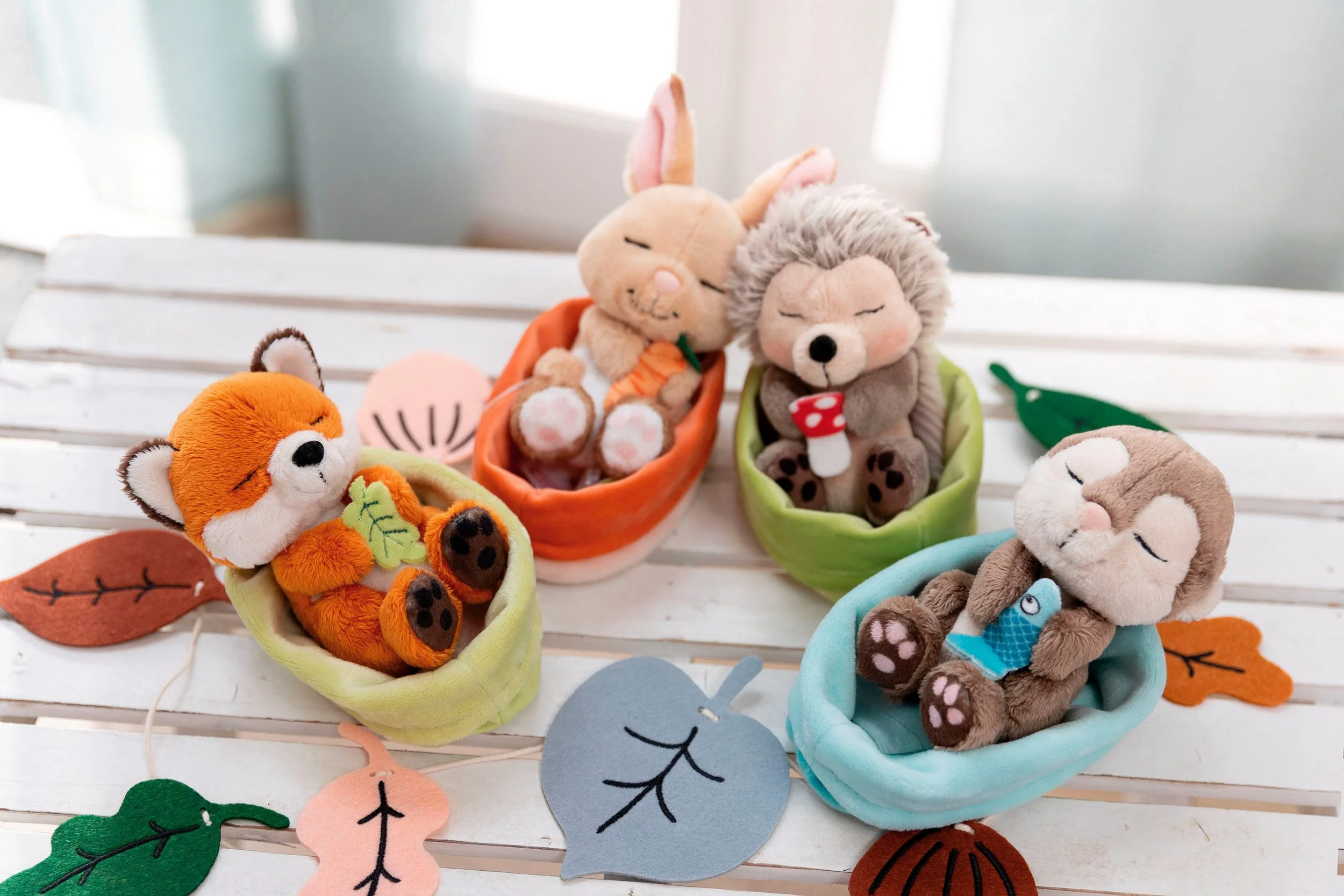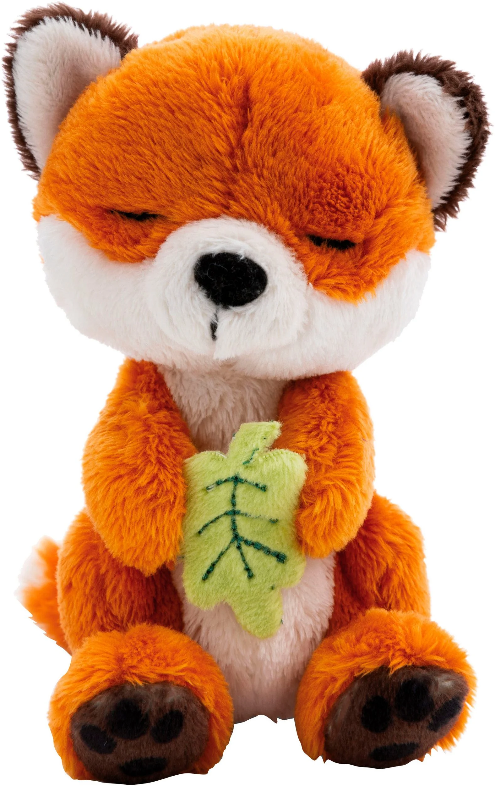 Der Sleeping Pets GREEN Fuchs von NICI begeistert mit seinem weichen Plüschfell in Rotbraun und Weiß, liebevollen Details wie gestickten Schlafaugen, spitzen Ohren und einem buschigen Schwanz. Das Fuchsbaby hält ein kleines grünes Blatt in den Pfötchen und sorgt dank der besonders weichen Füllung für eine anschmiegsame Haptik.
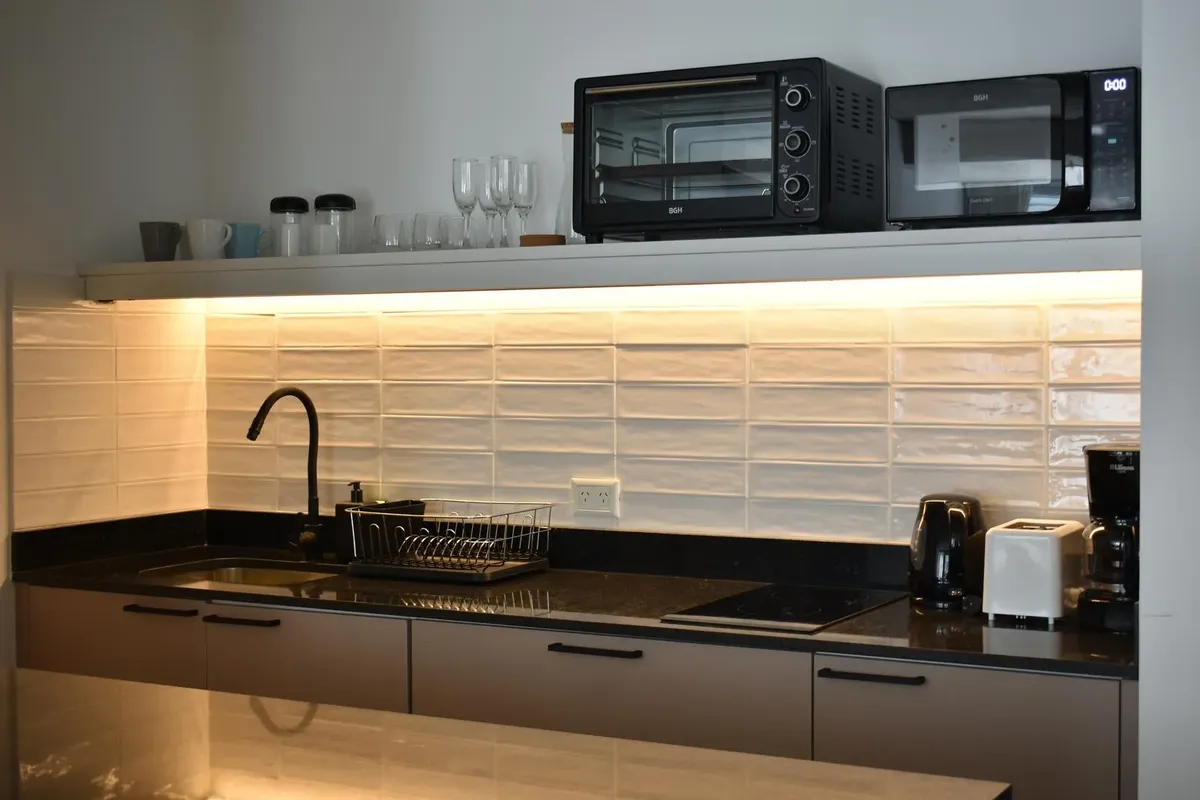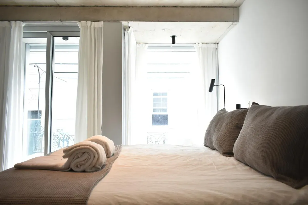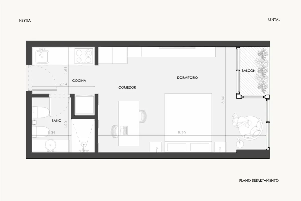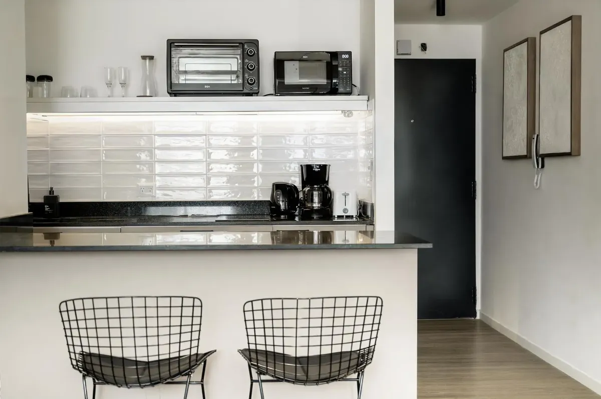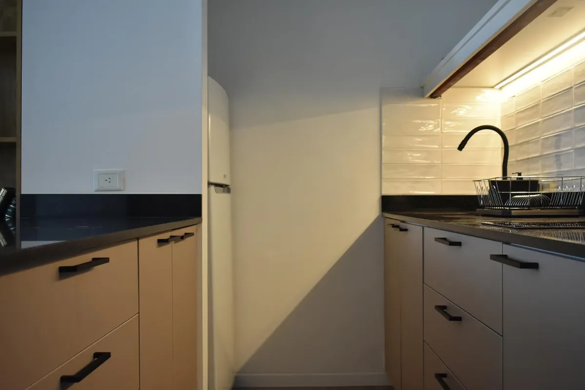 Studio apartment for short-term rent in Recoleta. The unit includes a fully equipped kitchen, a recently renovated bathroom with a walk-in shower, and TV with streaming services plus high-speed WiFi. It has a spacious balcony with an open, green view. The rent includes electricity, water, ABL and WiFi; building fees are not included.
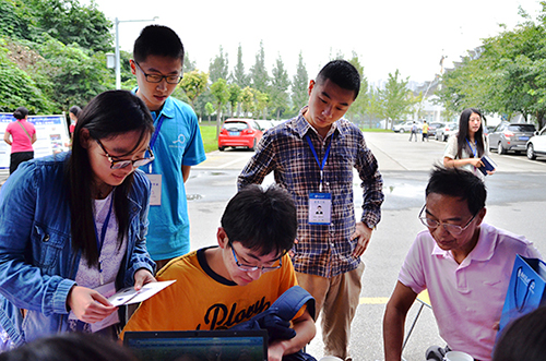 今天是迎新的第一天,早上六点天还没有亮,学院媒体事务中心记者就来到学院迎新点。此时各学生组织成员、迎新志愿者、各班班主任正陆续赶到迎新点进行准备工作。与此同时,第一位14级新生来到了报到处,并在班主任与志愿者的带领下顺利完成了报到流程。
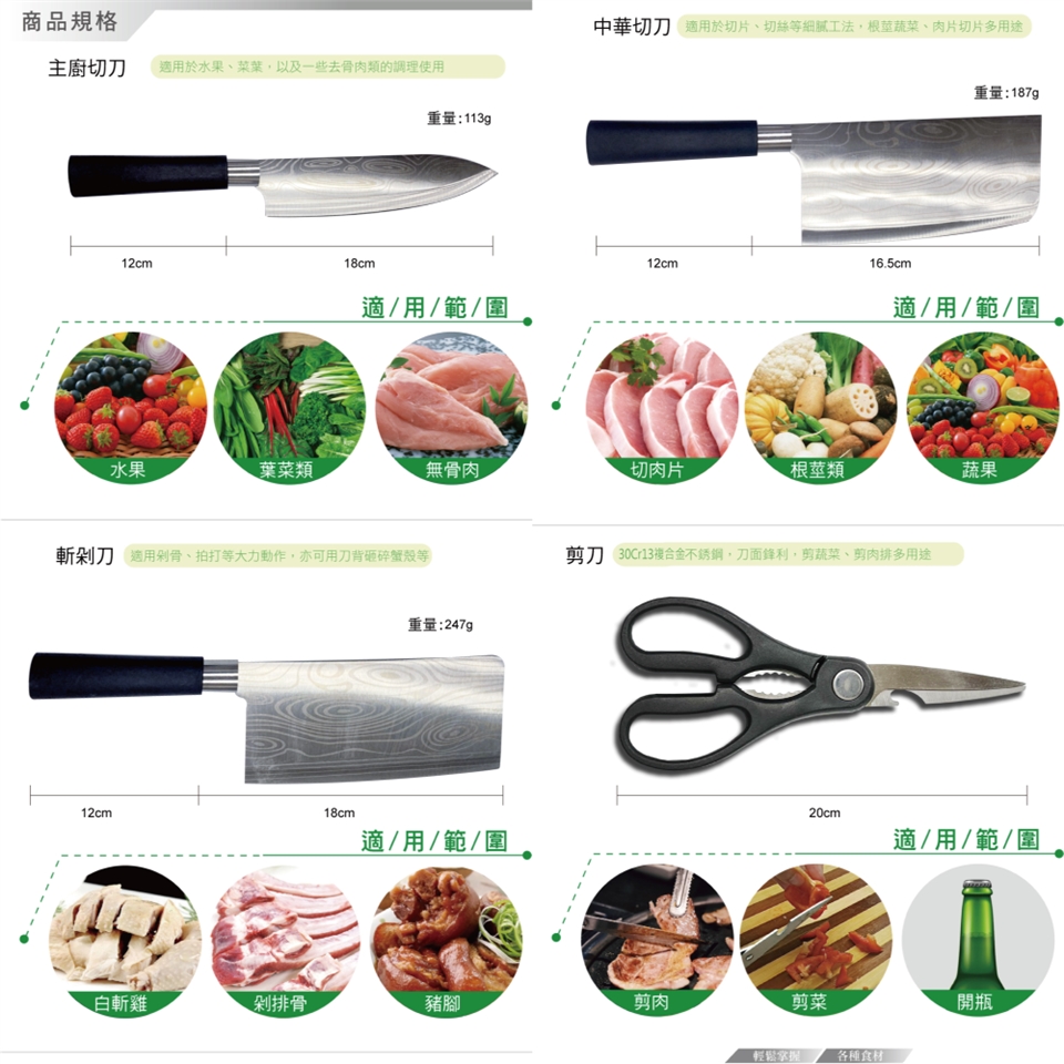 • 重量:主廚切刀-113g/中華切刀-187g/斬剁刀-247g/料理剪刀-76g
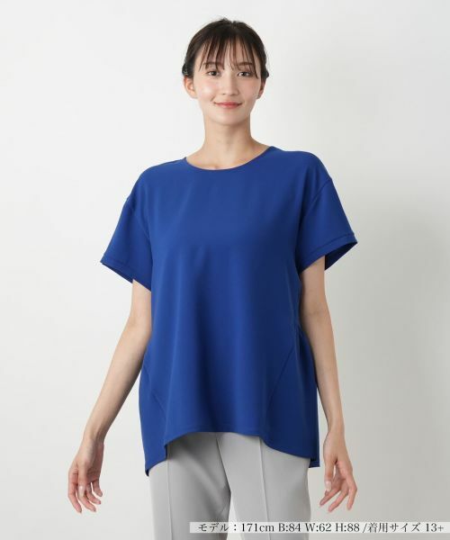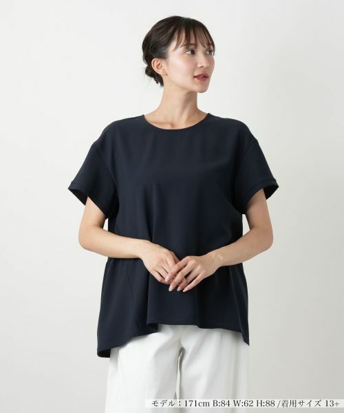 後ろ身頃に施したギャザー切替が、動きに合わせて揺れる軽やかな印象の半袖カットソー。シンプルな前身頃とのバランスが洗練された雰囲気を演出し、バックスタイルにさりげない華やかさを添えます。やや薄手でストレッチ性のある素材は、なめらかで着心地も快適。透け感が少なく、安心して着用できます。後ろはループボタン開閉仕様で、着脱もスムーズ。パンツにもスカートにも合わせやすく、カジュアルからきれいめまで幅広く活躍するアイテムです。
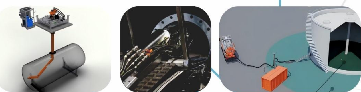 Using the high-pressure nozzle carried by the robot, rinse the dead corners and inner walls of the tank with a small amount of water, and remove the residual oil-water mixture. The mixture is then pumped by a vacuum transfer pump and transported to the sludge storage device.
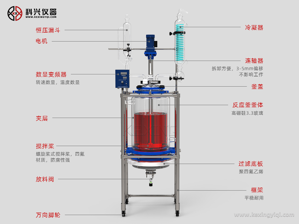 主要用于制藥、化工、實(shí)驗(yàn)室等機(jī)構(gòu)的有機(jī)合成實(shí)驗(yàn)室用中式設(shè)備,用于有機(jī)物合成實(shí)驗(yàn)中,是生化制藥中的主要設(shè)備之一。釜體為雙層玻璃燒結(jié)而成,雙層之間可通過(guò)冷卻液和加熱液。釜底過(guò)濾篩板的設(shè)計(jì),讓設(shè)備能承受100KG反應(yīng)液的壓力。過(guò)濾裝置采用法蘭和四氟材料制成與釜體相連,過(guò)濾器為玻璃砂芯,方便拆卸清洗更換。
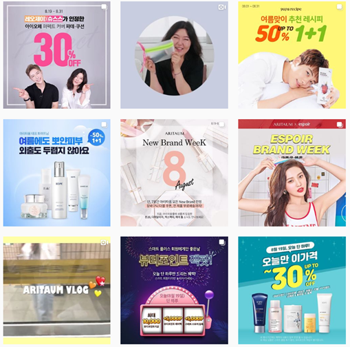 전략이 선명하니 전술의 실행도 심플해진다. 브랜드 아이덴티티가 선명하니 슬로건 역시 분명해진다. 제품명은 말할 것도 없다. 중요한 것은 이러한 청정 섬의 이미지를 어떻게 온라인 마케팅 전략의 실제로 활용할 것인가의 여부다. 이 차이는 이니스프리가 운영하는 인스타그램 채널을 보면 더욱 명확해진다. 이니스프리의 과거 운영 전략은 한 마디로 판매를 위한 세일 전략이었다. 그 안에서 '이니스프리'만의 아이덴티티를 찾아보기는 어려웠다. 여타 유사한 브랜드의 인스타그램 채널과의 구별도 힘들었다. 목적(전략)이 비슷하니 그 방법(전술) 역시 비슷할 수밖에 없다. 하지만 이니스프리는 이후 인스타그램의 운영 전략을 완전히 바꾸게 된다. 청정 섬 제주의 톤앤매너를 그대로 살린 콘텐츠들로 전혀 새로운 시도를 과감히 시작한 것이다. 새로운 이니스프리 인스타그램 계정의 주인공은 다름 아닌 제주의 자연, 그 자체이다. 모델과 제품은 주인공의 품에 안긴 조연의 역할을 한다.
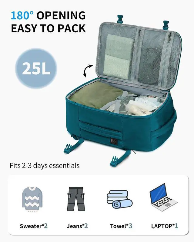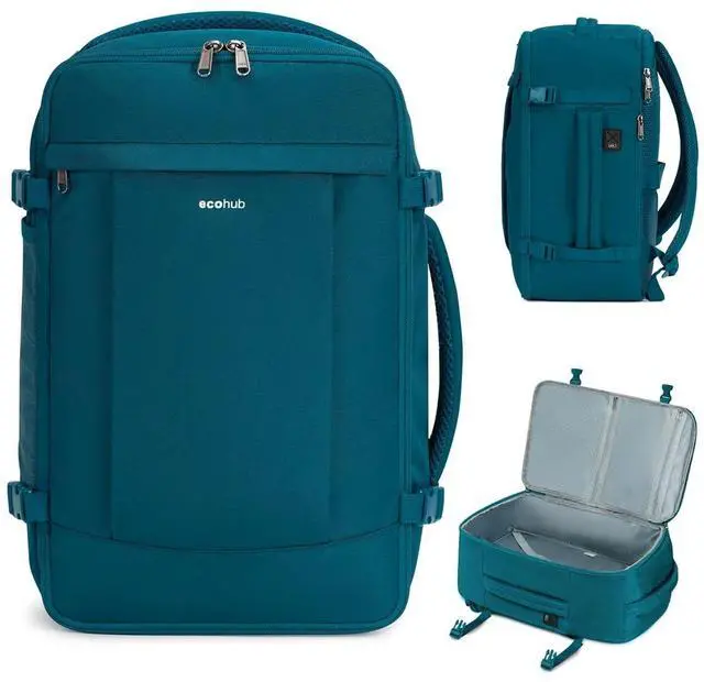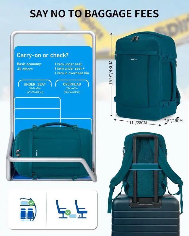 Easily Meet Airline Size Restrictions Designed for low-cost carriers United Airlines this 17-inch backpack fits perfectly under the seat fully complying with the strict 41 linear inches standard Its exclusive suitcase-style expandable structure plus external compression straps hold 4-7 days of clothing 5 sets of outfits shoes toiletry bag while still fitting under the seat. Skip checked baggage fees and board with zero questions ^^ End the Hassle of Rummaging This backpack features 16 scientific compartments for organization enthusiasts an independent shockproof laptop compartment fits 15.6 -inch laptops tested for larger sizes a hidden anti-theft back pocket for quick passport wallet access side water bottle mesh pockets and a top quick-access compartment The main compartment opens fully like a suitcase.

_____

All that is wanted is the lines above between the one containing "主要用于制藥、化工、實(sh" and the one containing "전략이 선명하니 전술의", inclusive, restated word for word, with pictures omitted.

 主要用于制藥、化工、實(shí)驗(yàn)室等機(jī)構(gòu)的有機(jī)合成實(shí)驗(yàn)室用中式設(shè)備,用于有機(jī)物合成實(shí)驗(yàn)中,是生化制藥中的主要設(shè)備之一。釜體為雙層玻璃燒結(jié)而成,雙層之間可通過(guò)冷卻液和加熱液。釜底過(guò)濾篩板的設(shè)計(jì),讓設(shè)備能承受100KG反應(yīng)液的壓力。過(guò)濾裝置采用法蘭和四氟材料制成與釜體相連,過(guò)濾器為玻璃砂芯,方便拆卸清洗更換。
 전략이 선명하니 전술의 실행도 심플해진다. 브랜드 아이덴티티가 선명하니 슬로건 역시 분명해진다. 제품명은 말할 것도 없다. 중요한 것은 이러한 청정 섬의 이미지를 어떻게 온라인 마케팅 전략의 실제로 활용할 것인가의 여부다. 이 차이는 이니스프리가 운영하는 인스타그램 채널을 보면 더욱 명확해진다. 이니스프리의 과거 운영 전략은 한 마디로 판매를 위한 세일 전략이었다. 그 안에서 '이니스프리'만의 아이덴티티를 찾아보기는 어려웠다. 여타 유사한 브랜드의 인스타그램 채널과의 구별도 힘들었다. 목적(전략)이 비슷하니 그 방법(전술) 역시 비슷할 수밖에 없다. 하지만 이니스프리는 이후 인스타그램의 운영 전략을 완전히 바꾸게 된다. 청정 섬 제주의 톤앤매너를 그대로 살린 콘텐츠들로 전혀 새로운 시도를 과감히 시작한 것이다. 새로운 이니스프리 인스타그램 계정의 주인공은 다름 아닌 제주의 자연, 그 자체이다. 모델과 제품은 주인공의 품에 안긴 조연의 역할을 한다.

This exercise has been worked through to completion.